[Instructions to follow]
The required output is the stretch from the line containing "Zgrada je u" through the line containing "পেজেশকিয়ান লেখেন, ‘রাশিয়া" in the records below, unaltered and with no pictures.

[[ Information provided, beginning ]]

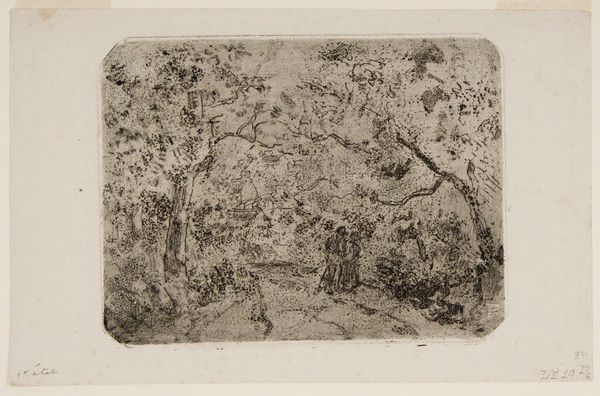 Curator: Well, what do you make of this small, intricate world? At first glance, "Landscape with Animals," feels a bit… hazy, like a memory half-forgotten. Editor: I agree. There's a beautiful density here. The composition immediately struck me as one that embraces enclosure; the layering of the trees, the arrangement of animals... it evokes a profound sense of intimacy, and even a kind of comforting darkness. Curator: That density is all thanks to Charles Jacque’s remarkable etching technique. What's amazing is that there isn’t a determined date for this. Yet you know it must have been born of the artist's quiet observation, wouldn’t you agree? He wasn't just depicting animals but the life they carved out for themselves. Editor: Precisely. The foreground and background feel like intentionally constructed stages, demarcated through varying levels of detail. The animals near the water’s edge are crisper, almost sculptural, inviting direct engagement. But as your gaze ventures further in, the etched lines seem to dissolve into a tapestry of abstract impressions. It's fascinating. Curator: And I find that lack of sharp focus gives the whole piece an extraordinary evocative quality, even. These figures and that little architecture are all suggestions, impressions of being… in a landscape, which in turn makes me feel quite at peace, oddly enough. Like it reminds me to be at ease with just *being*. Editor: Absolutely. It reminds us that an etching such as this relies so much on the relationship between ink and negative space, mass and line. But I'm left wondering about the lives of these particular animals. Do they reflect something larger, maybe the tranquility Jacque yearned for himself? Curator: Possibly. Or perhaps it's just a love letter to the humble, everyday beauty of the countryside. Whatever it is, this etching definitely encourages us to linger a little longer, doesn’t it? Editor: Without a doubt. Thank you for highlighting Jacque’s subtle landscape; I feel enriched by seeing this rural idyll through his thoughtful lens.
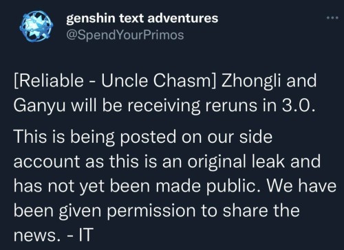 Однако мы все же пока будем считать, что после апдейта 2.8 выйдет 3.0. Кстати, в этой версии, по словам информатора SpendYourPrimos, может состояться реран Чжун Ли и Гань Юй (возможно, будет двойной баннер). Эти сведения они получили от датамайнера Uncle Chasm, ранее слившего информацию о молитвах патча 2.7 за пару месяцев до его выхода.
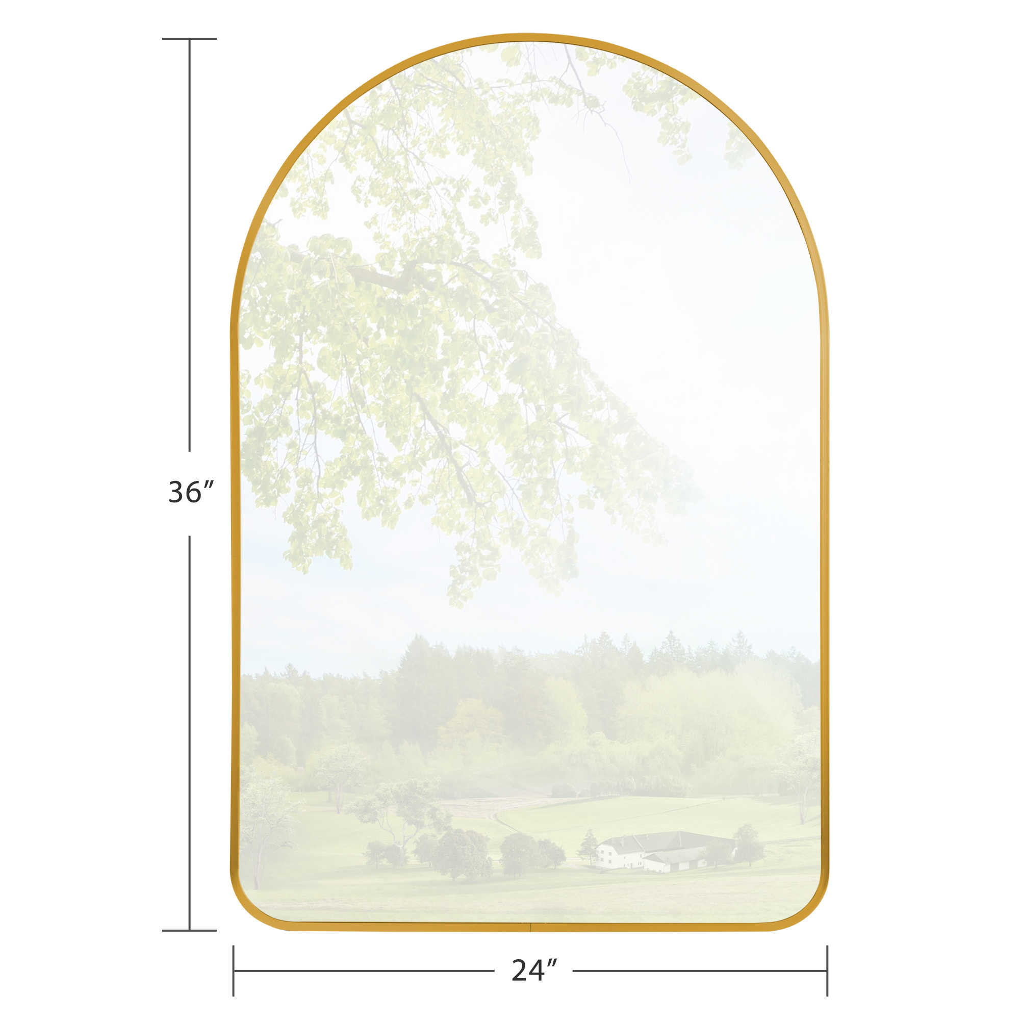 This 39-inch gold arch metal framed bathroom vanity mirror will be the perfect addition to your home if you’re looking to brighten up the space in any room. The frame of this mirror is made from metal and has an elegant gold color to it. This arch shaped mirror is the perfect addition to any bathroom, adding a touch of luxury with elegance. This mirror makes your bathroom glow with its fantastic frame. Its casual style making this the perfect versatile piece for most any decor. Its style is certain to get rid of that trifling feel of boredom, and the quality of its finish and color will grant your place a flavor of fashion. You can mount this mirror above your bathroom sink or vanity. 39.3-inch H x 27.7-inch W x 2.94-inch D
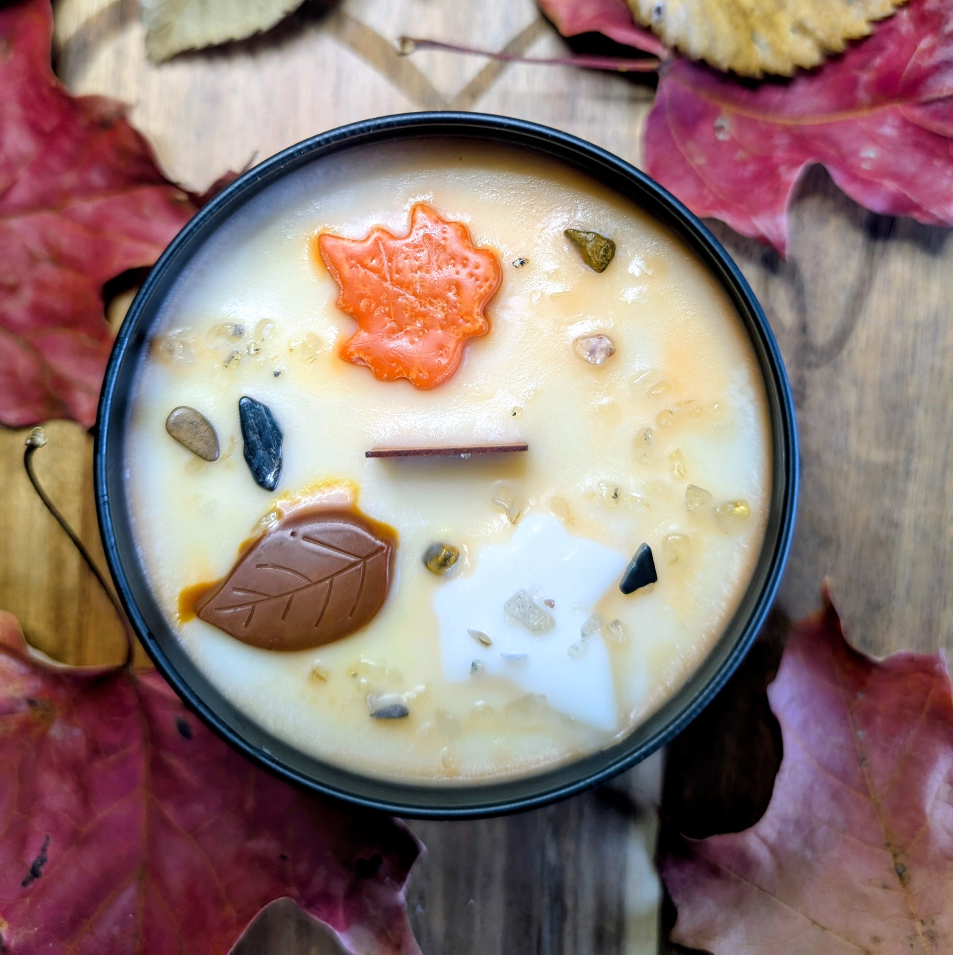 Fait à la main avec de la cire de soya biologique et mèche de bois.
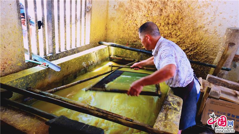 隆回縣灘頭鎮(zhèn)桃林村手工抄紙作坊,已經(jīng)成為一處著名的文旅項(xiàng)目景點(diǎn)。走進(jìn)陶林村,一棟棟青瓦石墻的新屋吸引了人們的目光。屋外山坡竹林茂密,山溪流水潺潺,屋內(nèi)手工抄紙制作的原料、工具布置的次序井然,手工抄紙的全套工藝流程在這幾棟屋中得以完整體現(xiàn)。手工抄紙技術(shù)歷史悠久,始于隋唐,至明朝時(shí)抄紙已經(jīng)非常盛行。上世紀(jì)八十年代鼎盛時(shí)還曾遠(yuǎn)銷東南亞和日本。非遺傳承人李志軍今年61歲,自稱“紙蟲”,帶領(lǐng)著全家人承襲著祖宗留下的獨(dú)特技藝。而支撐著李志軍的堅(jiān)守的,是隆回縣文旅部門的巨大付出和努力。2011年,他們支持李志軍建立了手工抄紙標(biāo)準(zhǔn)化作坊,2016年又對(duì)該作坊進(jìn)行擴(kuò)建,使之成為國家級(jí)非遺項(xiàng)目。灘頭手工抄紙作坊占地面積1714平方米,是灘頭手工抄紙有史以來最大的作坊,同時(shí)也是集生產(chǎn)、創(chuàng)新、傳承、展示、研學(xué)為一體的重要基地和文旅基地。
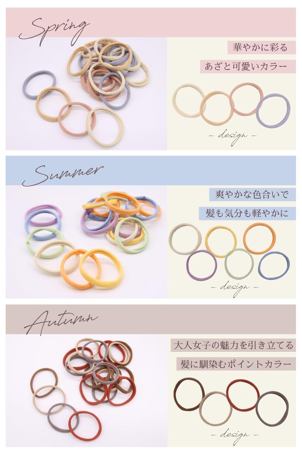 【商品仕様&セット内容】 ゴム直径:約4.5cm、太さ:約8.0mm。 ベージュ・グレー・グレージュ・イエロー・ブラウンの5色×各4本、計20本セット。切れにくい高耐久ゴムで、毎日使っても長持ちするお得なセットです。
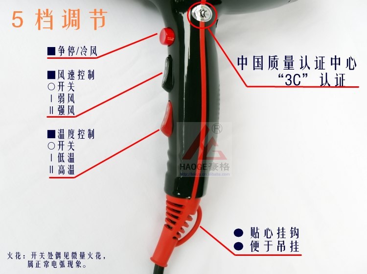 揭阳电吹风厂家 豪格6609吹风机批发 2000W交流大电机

[[ Information provided, end ]]
[[ Information provided, beginning ]]

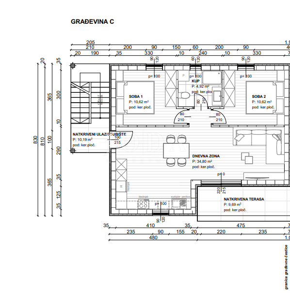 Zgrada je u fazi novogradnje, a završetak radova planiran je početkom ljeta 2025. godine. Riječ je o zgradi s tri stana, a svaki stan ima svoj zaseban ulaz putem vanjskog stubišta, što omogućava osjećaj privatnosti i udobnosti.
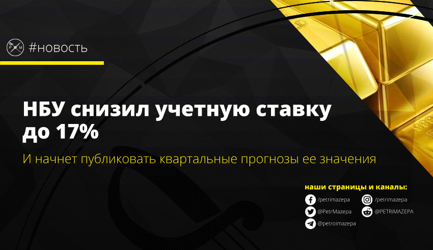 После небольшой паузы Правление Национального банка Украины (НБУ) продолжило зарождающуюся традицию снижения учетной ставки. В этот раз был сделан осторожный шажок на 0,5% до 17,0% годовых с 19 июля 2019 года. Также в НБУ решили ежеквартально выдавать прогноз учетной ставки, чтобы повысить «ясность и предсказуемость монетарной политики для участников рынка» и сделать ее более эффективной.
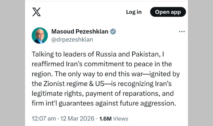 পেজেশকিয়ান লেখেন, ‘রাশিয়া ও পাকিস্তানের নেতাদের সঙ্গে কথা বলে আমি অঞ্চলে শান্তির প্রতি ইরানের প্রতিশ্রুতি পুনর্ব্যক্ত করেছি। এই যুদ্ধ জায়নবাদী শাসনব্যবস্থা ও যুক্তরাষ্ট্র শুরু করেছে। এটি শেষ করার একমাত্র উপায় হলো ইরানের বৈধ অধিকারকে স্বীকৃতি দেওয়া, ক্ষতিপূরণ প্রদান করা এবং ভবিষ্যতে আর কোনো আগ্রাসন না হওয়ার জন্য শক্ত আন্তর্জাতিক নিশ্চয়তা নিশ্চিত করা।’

[[ Information provided, end ]]

[Exercise answer]
 Zgrada je u fazi novogradnje, a završetak radova planiran je početkom ljeta 2025. godine. Riječ je o zgradi s tri stana, a svaki stan ima svoj zaseban ulaz putem vanjskog stubišta, što omogućava osjećaj privatnosti i udobnosti.
 После небольшой паузы Правление Национального банка Украины (НБУ) продолжило зарождающуюся традицию снижения учетной ставки. В этот раз был сделан осторожный шажок на 0,5% до 17,0% годовых с 19 июля 2019 года. Также в НБУ решили ежеквартально выдавать прогноз учетной ставки, чтобы повысить «ясность и предсказуемость монетарной политики для участников рынка» и сделать ее более эффективной.
 পেজেশকিয়ান লেখেন, ‘রাশিয়া ও পাকিস্তানের নেতাদের সঙ্গে কথা বলে আমি অঞ্চলে শান্তির প্রতি ইরানের প্রতিশ্রুতি পুনর্ব্যক্ত করেছি। এই যুদ্ধ জায়নবাদী শাসনব্যবস্থা ও যুক্তরাষ্ট্র শুরু করেছে। এটি শেষ করার একমাত্র উপায় হলো ইরানের বৈধ অধিকারকে স্বীকৃতি দেওয়া, ক্ষতিপূরণ প্রদান করা এবং ভবিষ্যতে আর কোনো আগ্রাসন না হওয়ার জন্য শক্ত আন্তর্জাতিক নিশ্চয়তা নিশ্চিত করা।’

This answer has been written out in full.